__GIVEN DATA__.
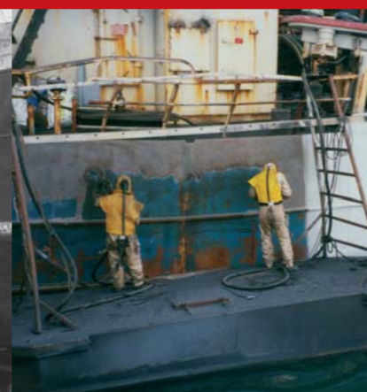
SHOT BLASTING | HOT METAL ZINC SPRAYING
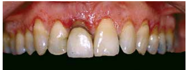
Figure 15: Two weeks after second stage surgery, showing the extent of lengthening.
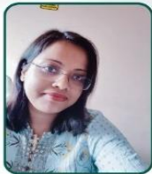
Coordinator Head HR ERC-India
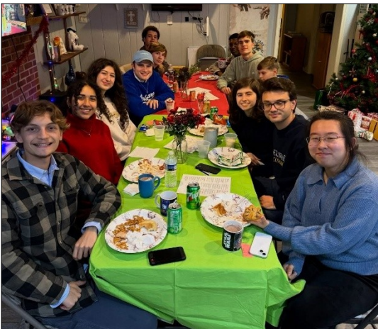
Tuesday night meal and Bible Study

__TASK GOAL__.
Please return the full listing word for word, but without any pictures.

__REPLY TO THE TASK__.
SHOT BLASTING | HOT METAL ZINC SPRAYING
Figure 15: Two weeks after second stage surgery, showing the extent of lengthening.
Coordinator Head HR ERC-India
Tuesday night meal and Bible Study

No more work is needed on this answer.